> Your instructions
Stop at the line containing "No, there’s no": repeat exactly every line of the entries below from the first up to it, plus that line, with pictures omitted.

> Extracted data
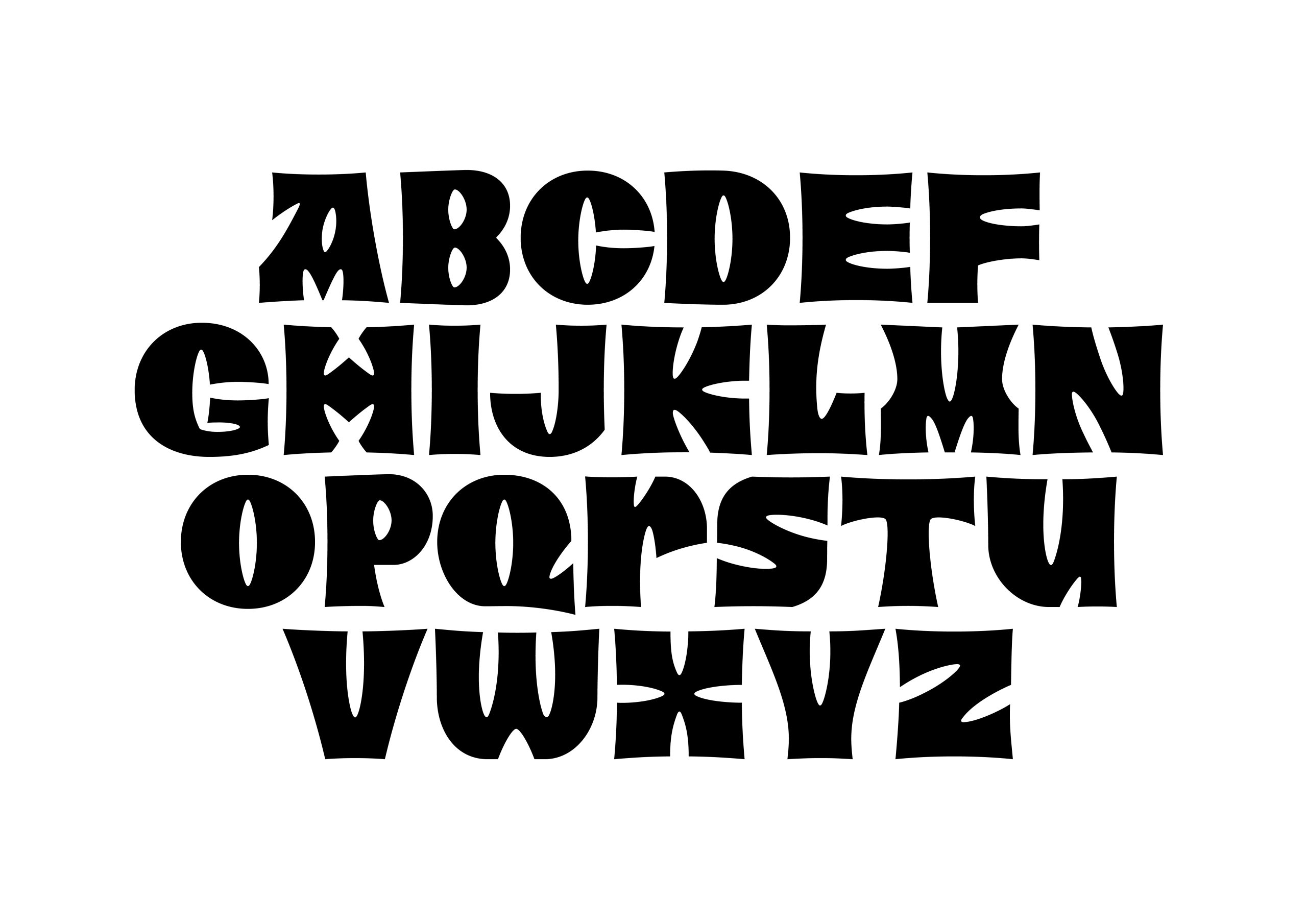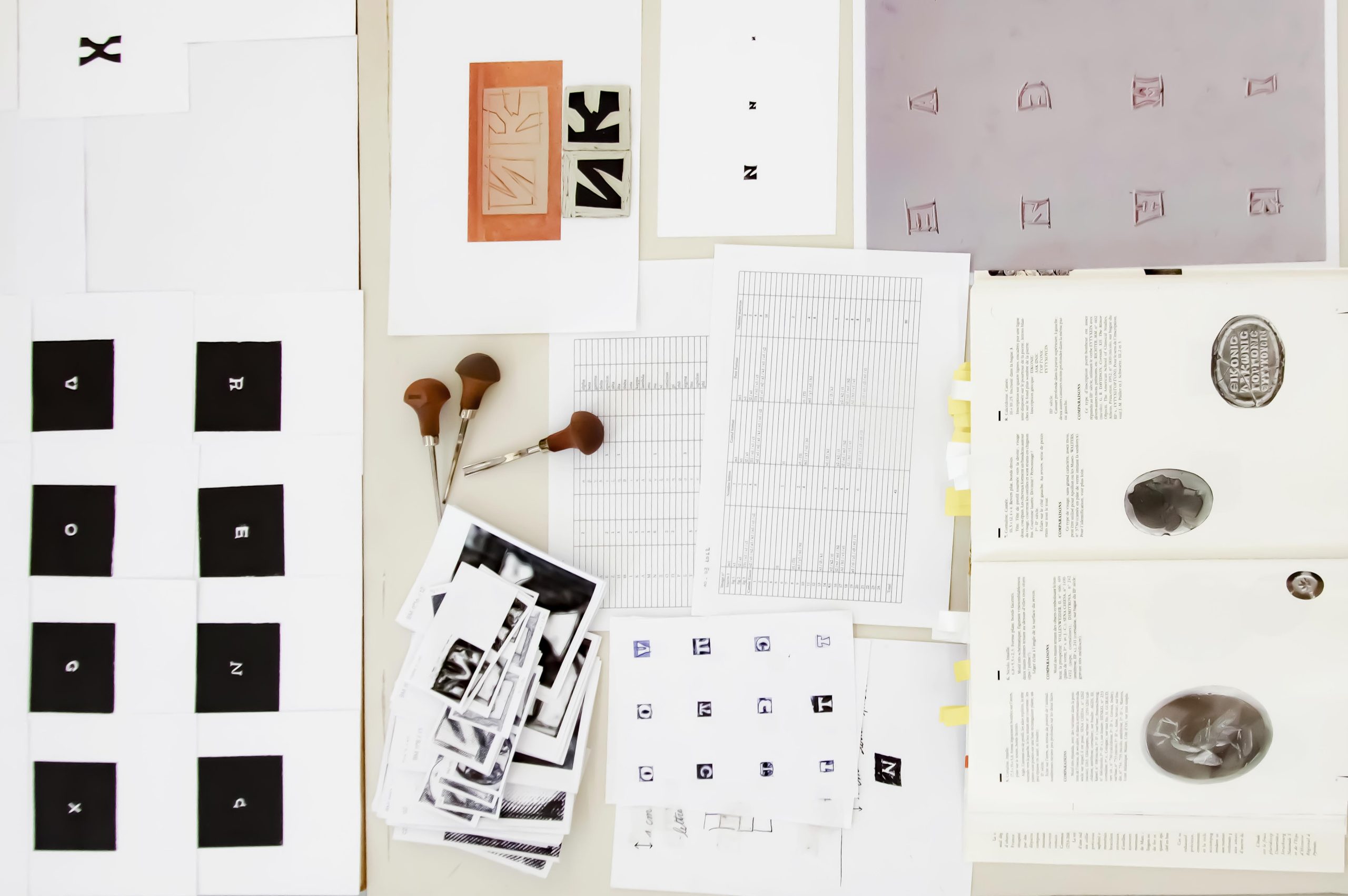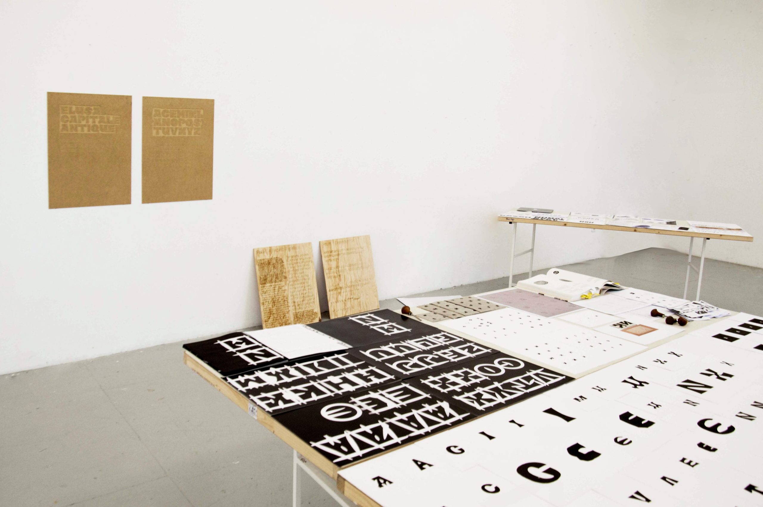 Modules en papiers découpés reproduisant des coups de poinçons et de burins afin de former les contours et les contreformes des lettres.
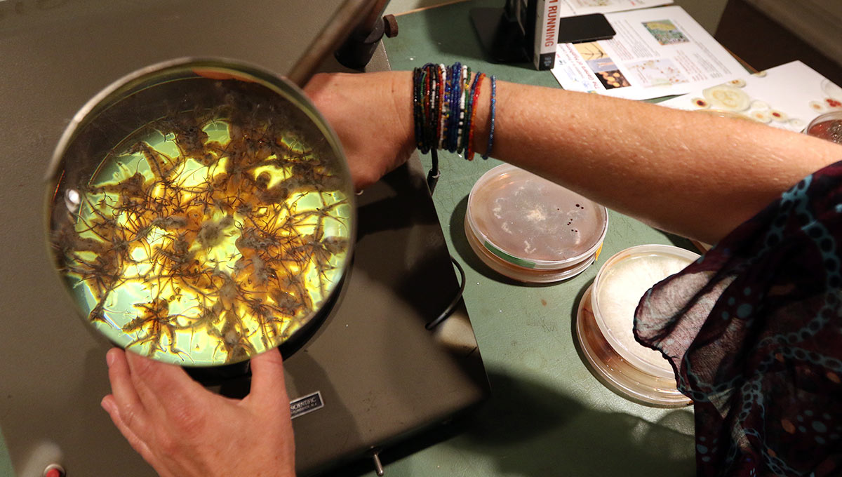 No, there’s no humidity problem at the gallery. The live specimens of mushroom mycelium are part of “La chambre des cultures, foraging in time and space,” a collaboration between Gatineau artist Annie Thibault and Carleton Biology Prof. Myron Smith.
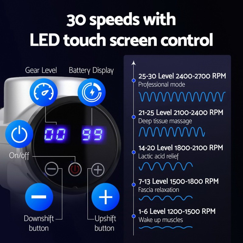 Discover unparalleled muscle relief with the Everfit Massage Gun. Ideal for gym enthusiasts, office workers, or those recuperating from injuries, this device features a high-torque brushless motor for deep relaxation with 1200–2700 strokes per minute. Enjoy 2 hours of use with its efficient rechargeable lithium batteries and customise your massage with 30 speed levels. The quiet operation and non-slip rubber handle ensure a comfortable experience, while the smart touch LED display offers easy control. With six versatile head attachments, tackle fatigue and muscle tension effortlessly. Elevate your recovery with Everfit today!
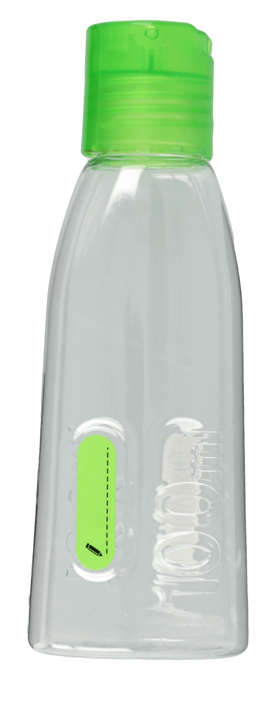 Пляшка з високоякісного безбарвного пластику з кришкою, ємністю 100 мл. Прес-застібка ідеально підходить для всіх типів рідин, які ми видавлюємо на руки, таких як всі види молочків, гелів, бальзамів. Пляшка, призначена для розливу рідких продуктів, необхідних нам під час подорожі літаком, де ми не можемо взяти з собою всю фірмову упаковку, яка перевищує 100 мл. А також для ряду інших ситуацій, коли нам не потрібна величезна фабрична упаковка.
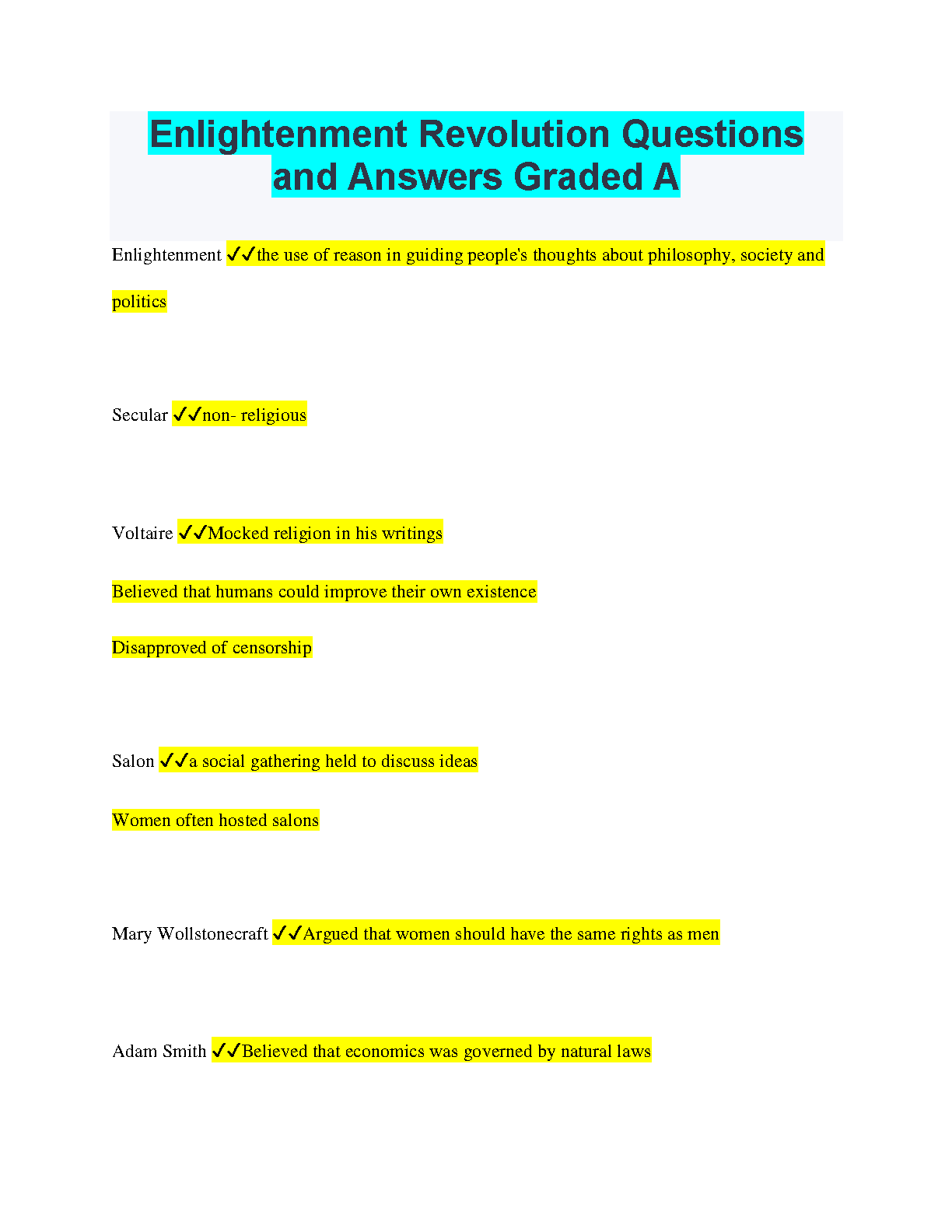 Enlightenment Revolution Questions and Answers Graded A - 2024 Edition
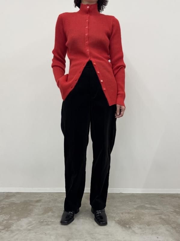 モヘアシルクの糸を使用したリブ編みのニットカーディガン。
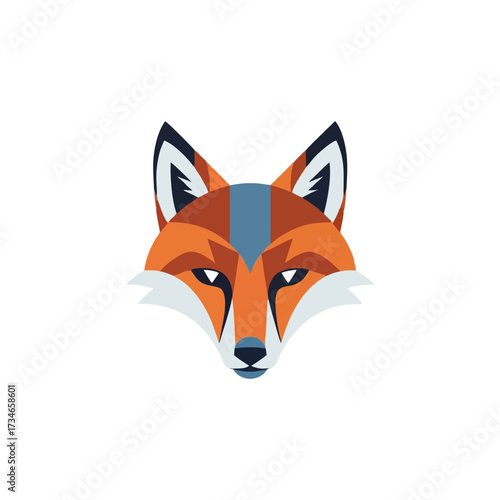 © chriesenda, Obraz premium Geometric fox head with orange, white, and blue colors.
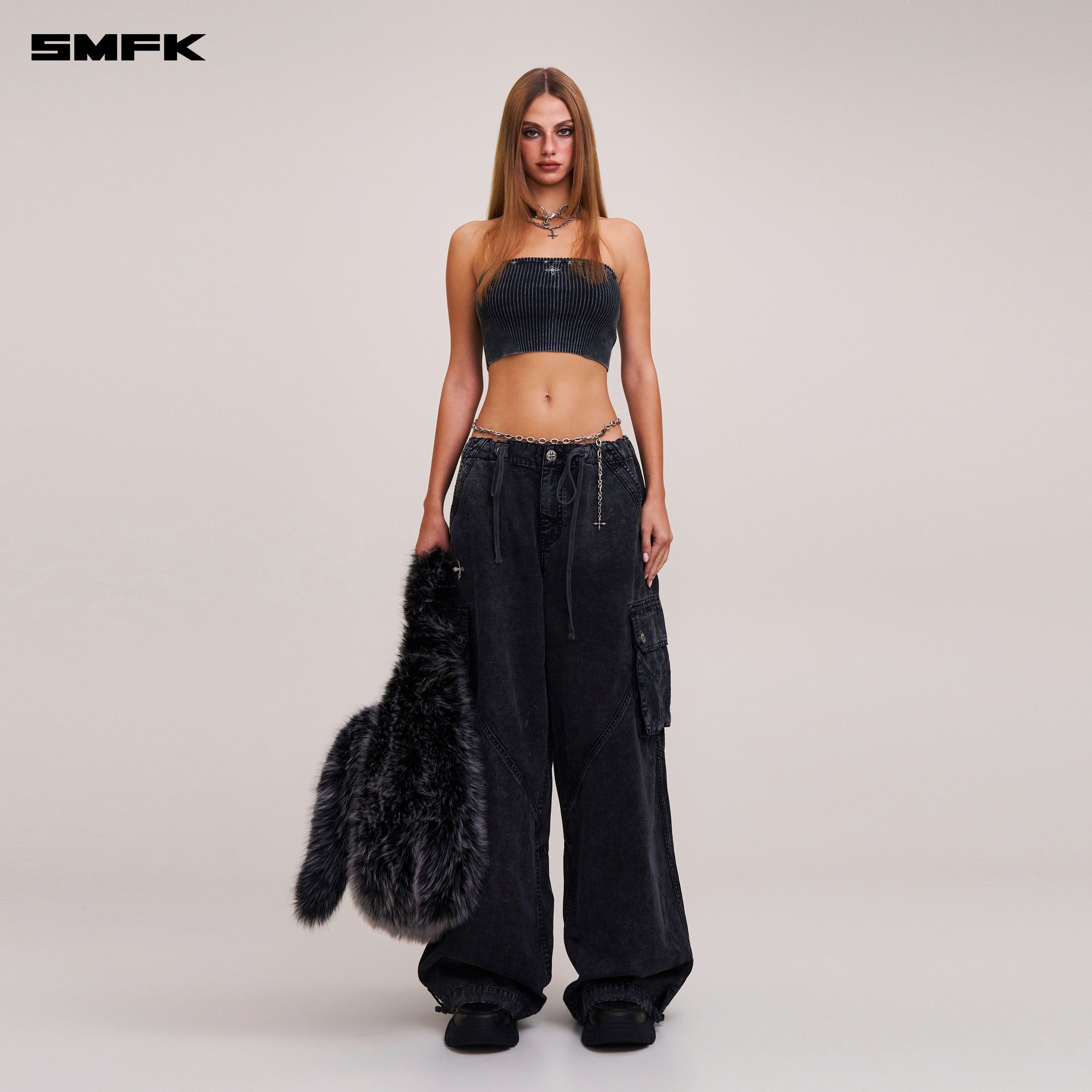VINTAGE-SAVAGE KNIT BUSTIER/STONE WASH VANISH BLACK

> Answer to the problem
 Modules en papiers découpés reproduisant des coups de poinçons et de burins afin de former les contours et les contreformes des lettres.
 No, there’s no humidity problem at the gallery. The live specimens of mushroom mycelium are part of “La chambre des cultures, foraging in time and space,” a collaboration between Gatineau artist Annie Thibault and Carleton Biology Prof. Myron Smith.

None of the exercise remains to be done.